Input material START

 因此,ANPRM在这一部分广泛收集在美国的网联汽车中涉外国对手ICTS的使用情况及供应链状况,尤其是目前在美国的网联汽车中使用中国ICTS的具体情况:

Input material END
Input material START

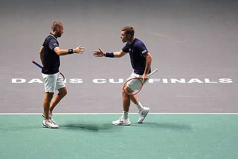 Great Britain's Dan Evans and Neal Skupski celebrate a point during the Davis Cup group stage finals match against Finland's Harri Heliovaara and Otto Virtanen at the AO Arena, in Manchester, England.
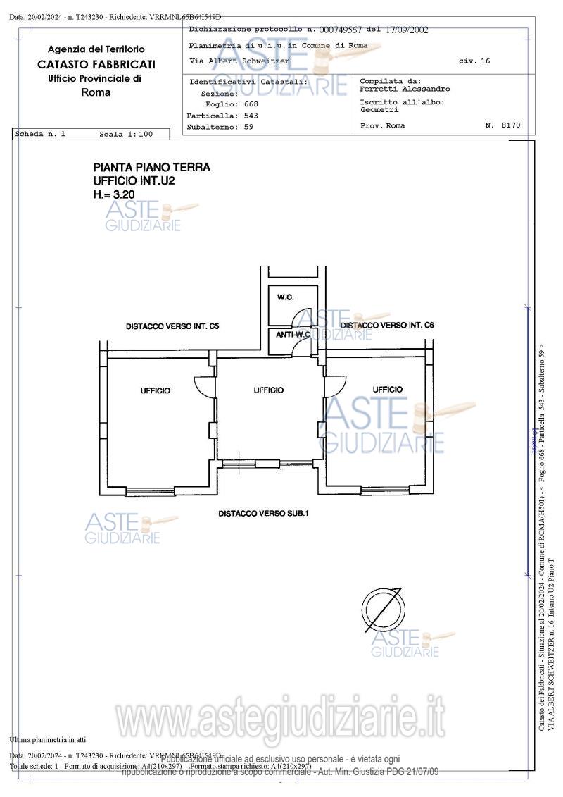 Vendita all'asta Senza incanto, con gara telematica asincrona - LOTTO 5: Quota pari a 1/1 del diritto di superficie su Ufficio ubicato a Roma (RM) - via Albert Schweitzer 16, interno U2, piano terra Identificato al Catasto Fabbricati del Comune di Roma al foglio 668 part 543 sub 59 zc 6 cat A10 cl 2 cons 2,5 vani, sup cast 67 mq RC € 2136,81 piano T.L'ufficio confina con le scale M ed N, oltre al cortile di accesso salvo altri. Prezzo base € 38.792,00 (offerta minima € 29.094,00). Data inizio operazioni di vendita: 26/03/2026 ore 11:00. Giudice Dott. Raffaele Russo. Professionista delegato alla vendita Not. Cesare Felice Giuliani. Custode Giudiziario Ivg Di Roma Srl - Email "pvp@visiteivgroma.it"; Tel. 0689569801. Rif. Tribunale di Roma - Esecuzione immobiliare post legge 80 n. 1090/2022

Input material END

About this task:
Above, find the line with "Great Britain's Dan"; copy it and every line down to the line with "Vendita all'asta Senza", exactly and both included, but no pictures.

Output for this exercise:
 Great Britain's Dan Evans and Neal Skupski celebrate a point during the Davis Cup group stage finals match against Finland's Harri Heliovaara and Otto Virtanen at the AO Arena, in Manchester, England.
 Vendita all'asta Senza incanto, con gara telematica asincrona - LOTTO 5: Quota pari a 1/1 del diritto di superficie su Ufficio ubicato a Roma (RM) - via Albert Schweitzer 16, interno U2, piano terra Identificato al Catasto Fabbricati del Comune di Roma al foglio 668 part 543 sub 59 zc 6 cat A10 cl 2 cons 2,5 vani, sup cast 67 mq RC € 2136,81 piano T.L'ufficio confina con le scale M ed N, oltre al cortile di accesso salvo altri. Prezzo base € 38.792,00 (offerta minima € 29.094,00). Data inizio operazioni di vendita: 26/03/2026 ore 11:00. Giudice Dott. Raffaele Russo. Professionista delegato alla vendita Not. Cesare Felice Giuliani. Custode Giudiziario Ivg Di Roma Srl - Email "pvp@visiteivgroma.it"; Tel. 0689569801. Rif. Tribunale di Roma - Esecuzione immobiliare post legge 80 n. 1090/2022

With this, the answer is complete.